Laurie works in a similar capacity within the U.S. Department of Defense, developing cultural property protection curricula for military personnel. Using places and features within Rome, she hopes to offer the soldiers from the many countries who attend the NATO Defense College in Rome opportunities to develop a greater appreciation for heritage issues. She expects to bring back examples and lessons learned to military educational institutions in the States.
Italy also offers Laurie an opportunity to learn more about the Carabinieri, the only military force in the world that specifically prepares to offer archaeological site protection. The Carabinieri offered to introduce her to their Command for the Protection of Cultural Patrimony and to visit some of their regional programs, allowing their ideas and methods to be used as examples for U.S. forces. Due to the generosity of the Carabinieri, she has learned far more than she expected, enough hopefully for a book that will introduce their unique organization and extraordinary accomplishments to the English speaking world.
In what she calls her "Rome is the Gateway to the World" program, Laurie is also using the opportunity to live and work in Rome as a base from which to teach and discuss cultural property protection with itnerested audiences from Italy to Jordan and places in between.
From Laurie’s perspective, the biggest challenge of life at the Academy is balancing time for research, writing, teaching, and experiencing the City.
Dr. Laurie Rush has a BA from Indiana University in Bloomington, Indiana, Summa Cum Laude, and an MA and PhD from Northwestern University in Evanston, Illinois where she was a fellow of the University and of the National Science Foundation. She moved to northern New York in 1983 and has been doing museum and archeological work in the area ever since. She was Assistant Director of the Antique Boat Museum in Clayton in the 1980s, set up the archeology curation facility at Fort Drum from 1992-1994, and has been managing the Fort Drum Cultural Resources program since the fall of 1998.
Teams working with Dr. Rush have discovered over one hundred fifty Native American archeological sites on Fort Drum including one dating back over 10,000 years and another documenting earliest French contact in the region. Her research on the possibility for paleo-maritime culture in the Great Lakes has been recognized by eminent archaeologists as having potential for better understanding of the peopling of the Americas. As part of her Fort Drum responsibilities Dr. Rush also established consultation partnerships between the installation and three Haudenosaunee Nations, the Oneida Indian Nation, the Onondaga Nation, and the St. Regis Mohawk Tribe.

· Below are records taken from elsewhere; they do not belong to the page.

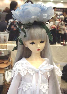 | 今回の目玉展示はコレ! 「観用少女」の月華です。 いつものように「Mi BRAND」のシゼルちゃんに モデルになってもらいました。 ドレスはおはりこ製ですが 長いウィッグはいなぴさんのお手製です! 人間用のウィッグ素材を使ってあって、 手触りが縦なめ横サラなのです。 |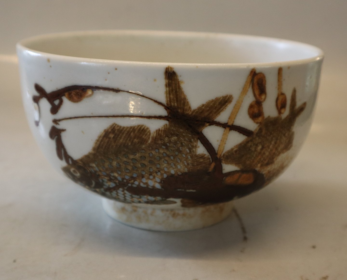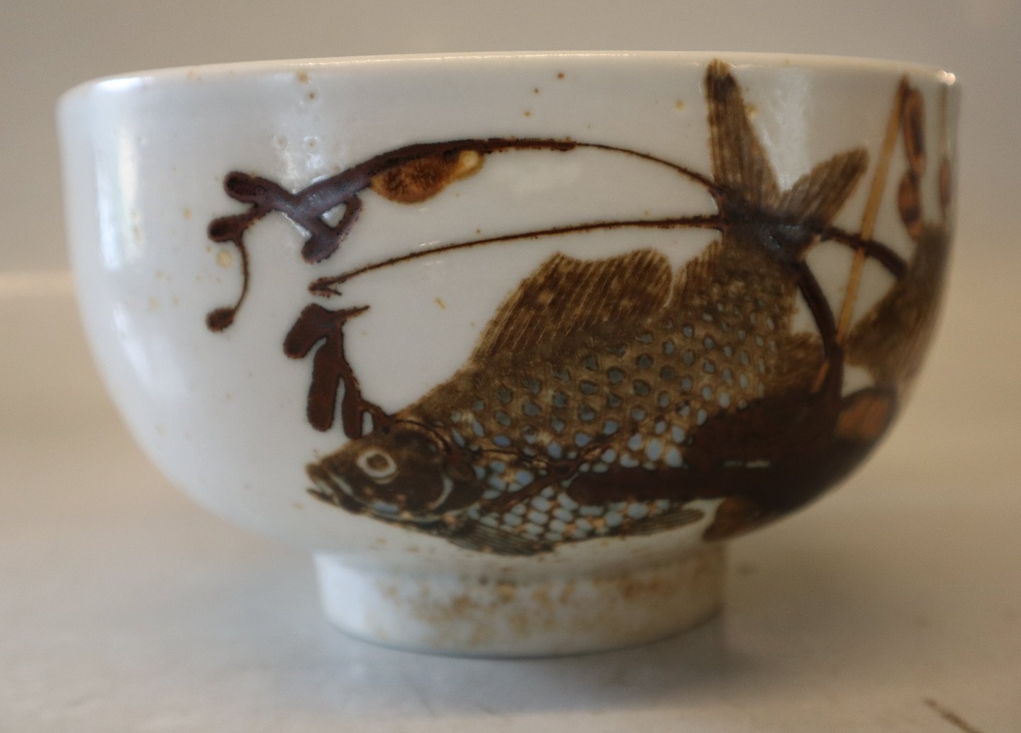 1053-5318 Alumnia Diana Stentøjsskål med fisk 10 x 17 cm Nils Thorsson Aluminia kunstfajance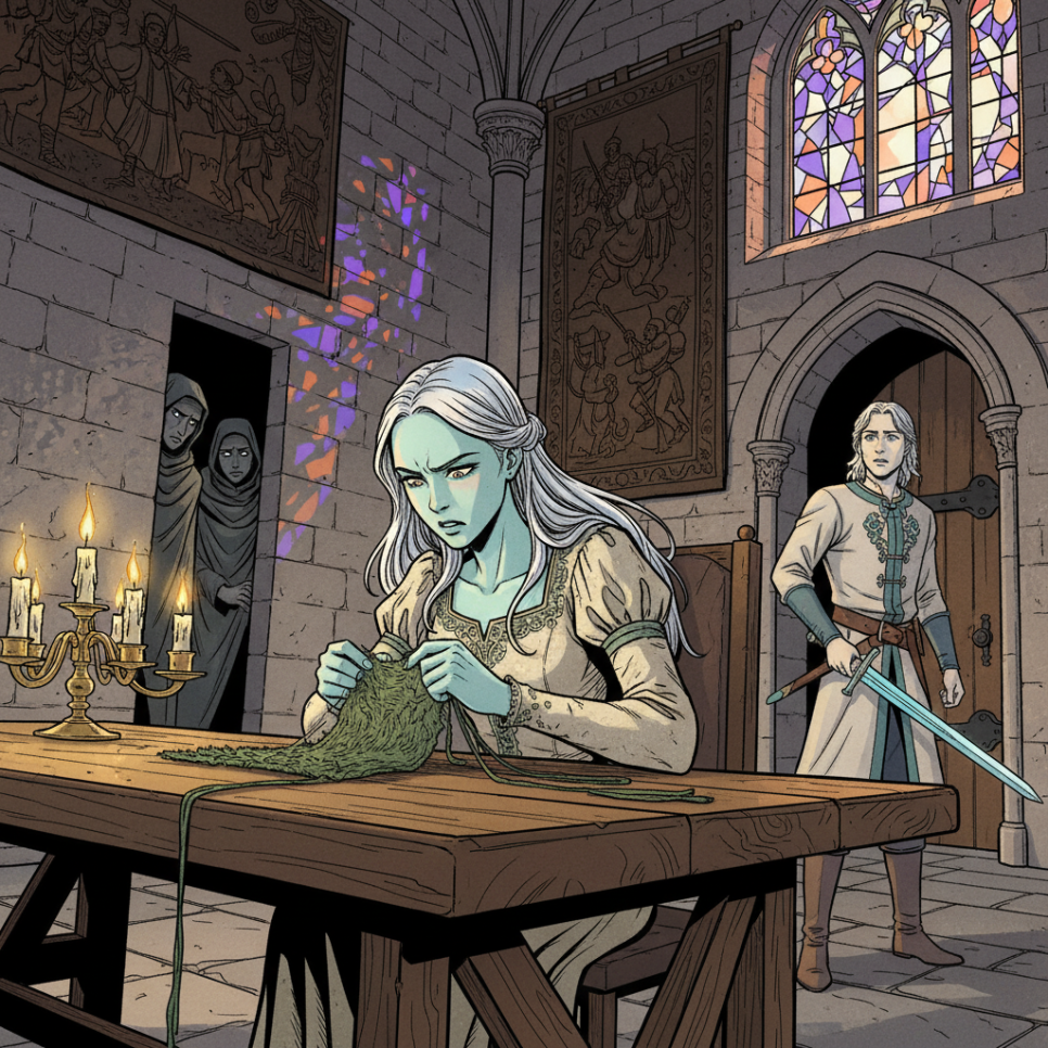 며칠이 지나자 공주의 손은 상처투성이가 되었습니다. 손가락은 부어올랐고, 피가 나기도 했습니다. 하지만 공주는 멈추지 않았습니다. 하루 종일 쐐기풀 실을 잣고, 천천히 직물을 짜 나갔습니다. 첫 번째 셔츠가 완성되기까지 일주일이 걸렸습니다.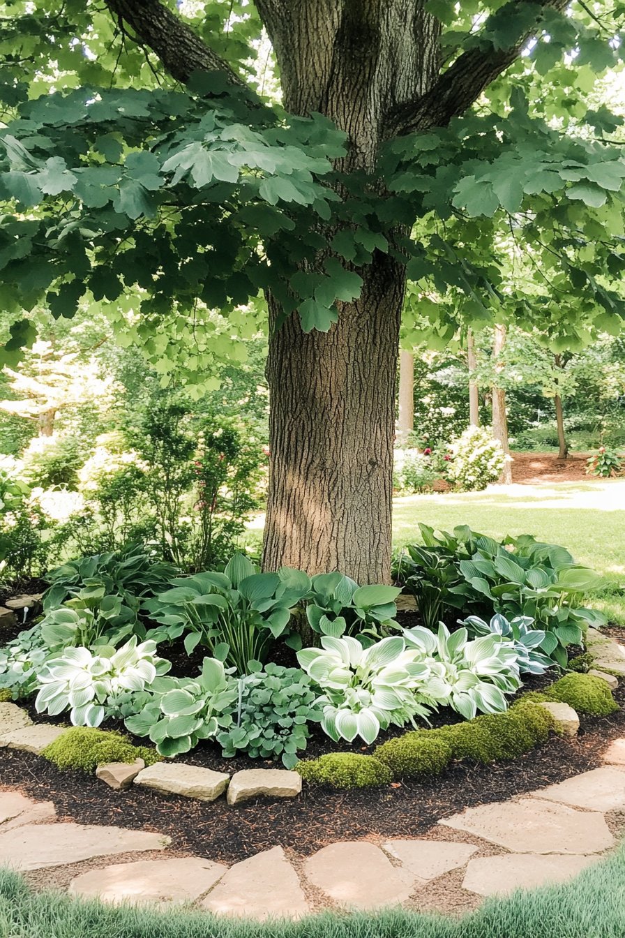 Lush hostas in varying shades of green and white create a serene underplanting around a majestic maple, enhancing the tree’s grandeur. For a similar effect, incorporate diverse hosta varieties and surround them with natural stone pathways and soft moss for texture.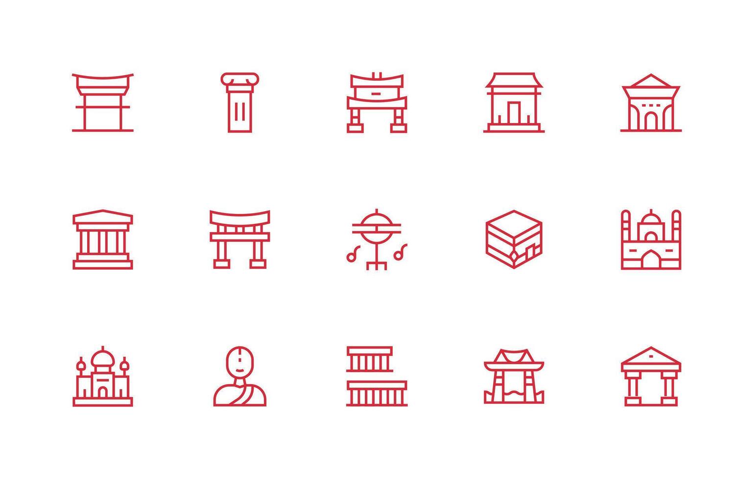 templo icono conjunto con 15 regular línea gráficos aplicación icono paquete Vector Gratis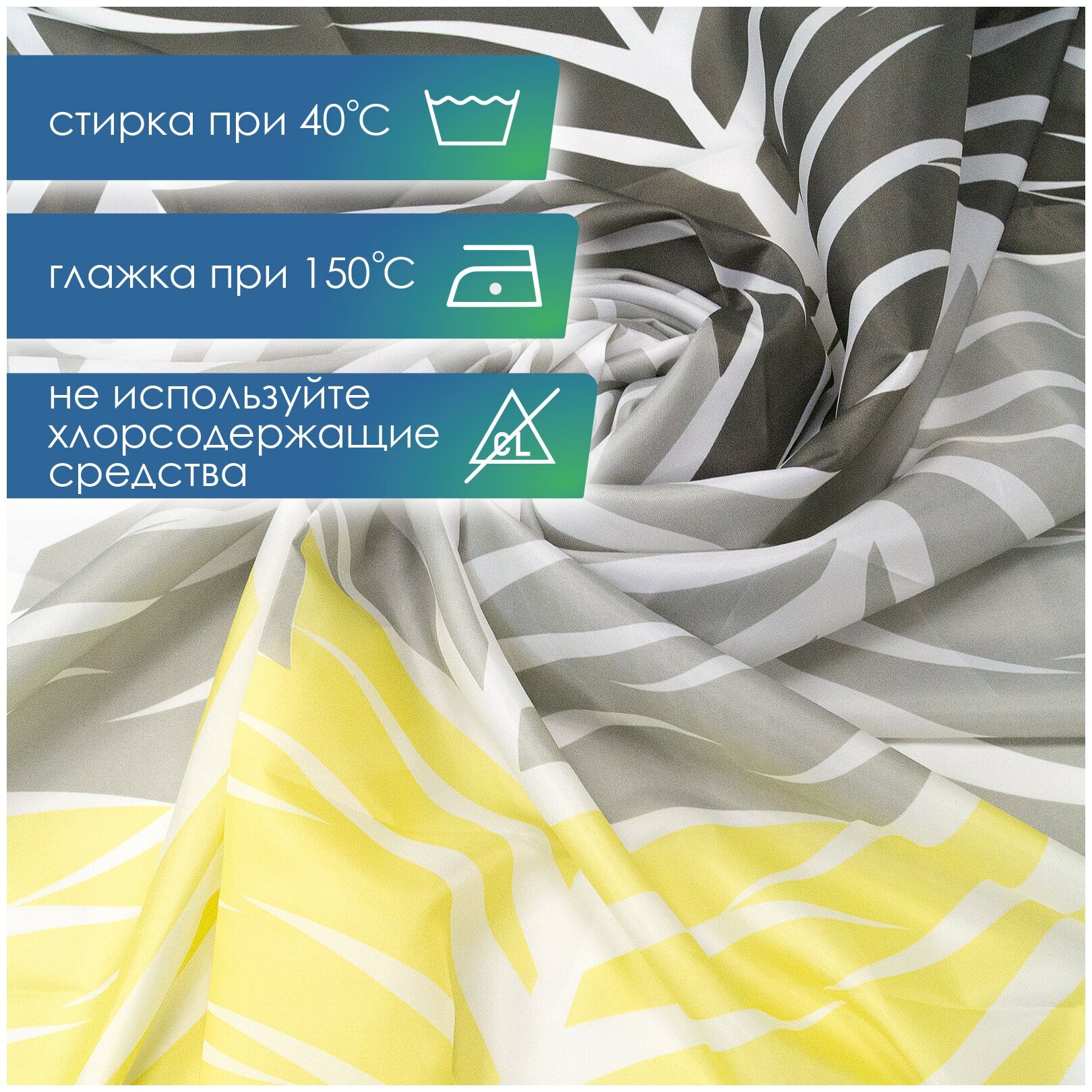 Купить Штора для ванной комнаты VILINA тканевая с рисунком водоотталкивающая с кольцами 180х180см занавес в душевую Пальмовые листья
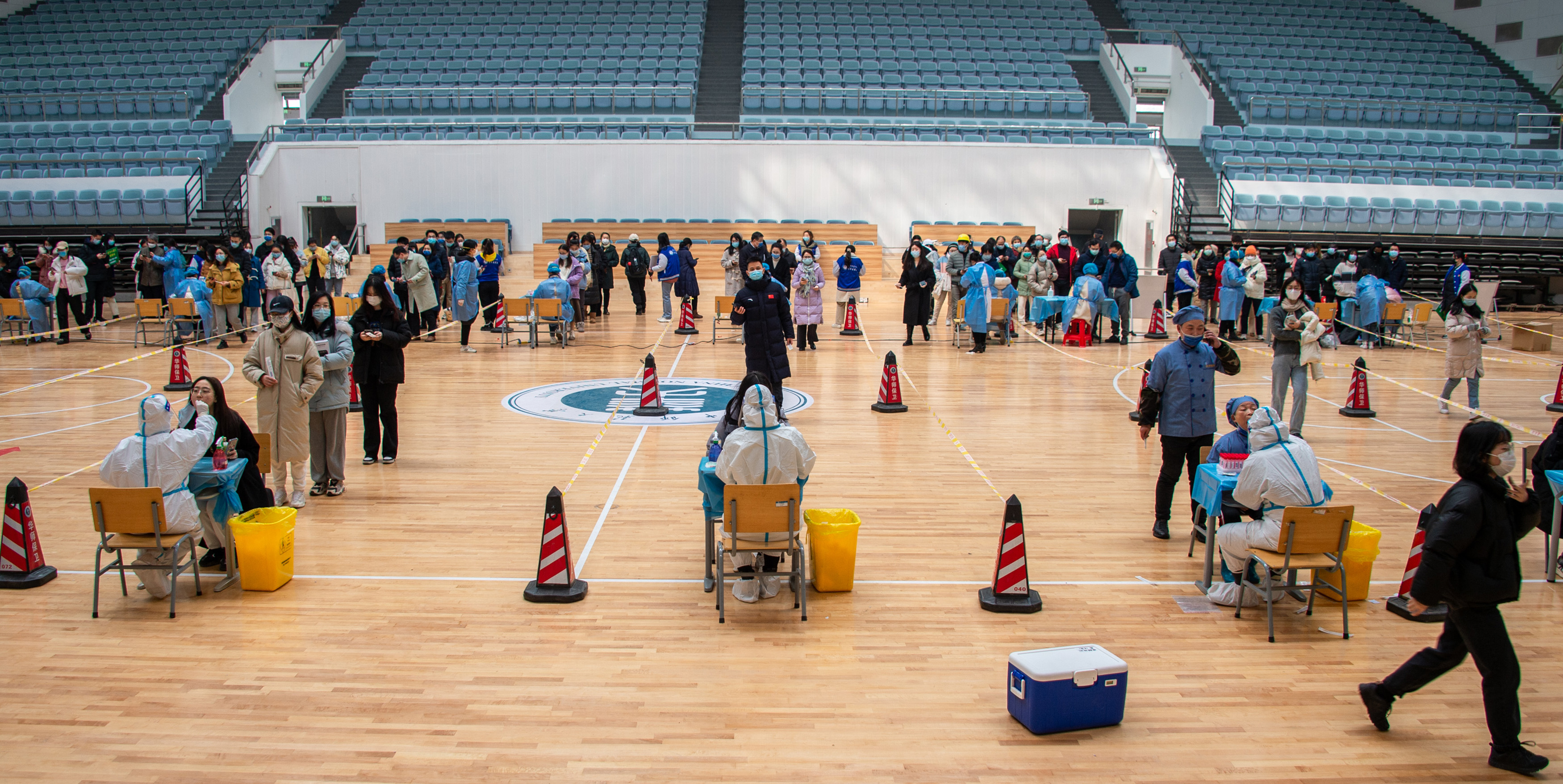 新华社照片,武汉,2022年2月25日 快速精准、严格有序——武汉阻击奥密克戎 2月22日,武汉市华中师范大学师生在进行核酸检测。 (配本社同题文字稿) 新华社发(伍志尊摄)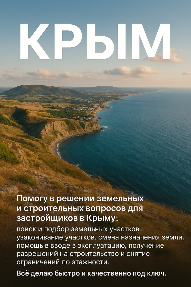 ⭐️ РЕШУ ЛЮБОЙ ЗЕМЕЛЬНЫЙ и СТРОИТЕЛЬНЫЙ ВОПРОС В КРЫМУ 🤙 Решаю все земельные и строительные вопросы для застройщиков — от поиска участка до ввода в эксплуатацию. ❓ ЧТО МЫ ДЕЛАЕМ: 1. ▶️ Ищем и подбираем землю под ваши требования (локация, площадь, инфраструктура). 2. 📄 Узакониваем участки, включая «проблемные» объекты. 3. 🔄 Меняем ВРИ (перевод земель в нужную категорию: ИЖС, коммерция, многоэтажка). 4. 🏗 Получаем разрешения на строительство и снимаем ограничения по этажности, обходя местные сложности. 5. ✅ Вводим объекты в эксплуатацию без лишних нервов. ❓ ПОЧЕМУ ВЫБИРАЮТ НАС: ✅Скорость: Сроки на 40% быстрее рынка. ✅ Качество: 100% успешных кейсов за 2024 год. ✅ Работаем на вас и в ваших интересах: Мы сопровождаем проект до самого конца. ✅ Прозрачность: Открыто говорим о всех тратах на начальном этапе, без скрытых платежей. ➕ ВАШИ ПРЕИМУЩЕСТВА: ✅Экономия до 1,5 лет на согласованиях. ✅Защита от рисков: Проверяем участки на обременения еще до покупки. ✅Легализация «серых» объектов

Dr. Rush is the Booth Family Rome Prize winner for 2010-2011 in Historic Preservation at the American Academy in Rome. She is also winner of numerous military and collegial awards including the 2007 Chairman's Award for Federal Achievement in Historic Preservation, the 2009 Register of Professional Archaeologists Distinguished Service to the Field, and in 2007 and 2009 Manager of the Best Cultural Resources Program and Team in the US Department of Defense. Dr. Rush also recently served on the American Anthropology Association Ad Hoc Commission on the Ethics of Engaging with the Security and Intelligence Communities.
In 2009, Major General Oates requested that Dr. Rush serve as the military liaison for the successful return of the Ancient City of Ur to Iraqi stewardship, and in 2010, Dr. Rush traveled to Kabul with Central Command personnel to participate in Environmental Shuras and to meet with the Director General of Heritage for the Islamic Republic of Afghanistan and US State Department officials on behalf of establishing increased awareness and military partnership for preservation projects in Kabul and Mes Aynak.
As the Director of the In Theater Heritage Training Program for Deploying Personnel, Dr. Rush has helped to establish a partnership between the Archaeology Institute of America and the Department of Defense. This project, funded by the OSD Legacy Resource Management Program and implemented in cooperation with Colorado State University, produced archaeology awareness playing cards for Iraq, Afghanistan, and Egypt; Soldier pocket cards in multiple languages; replica archaeological sites for military training; educational presentations for military personnel; and archaeology construction checklists. She is now also working toward improved archaeology mapping for military planning and military guidelines for stability operations in archaeologically sensitive areas. She is editor of the recently released volume, Archaeology, Cultural Property, and the Military.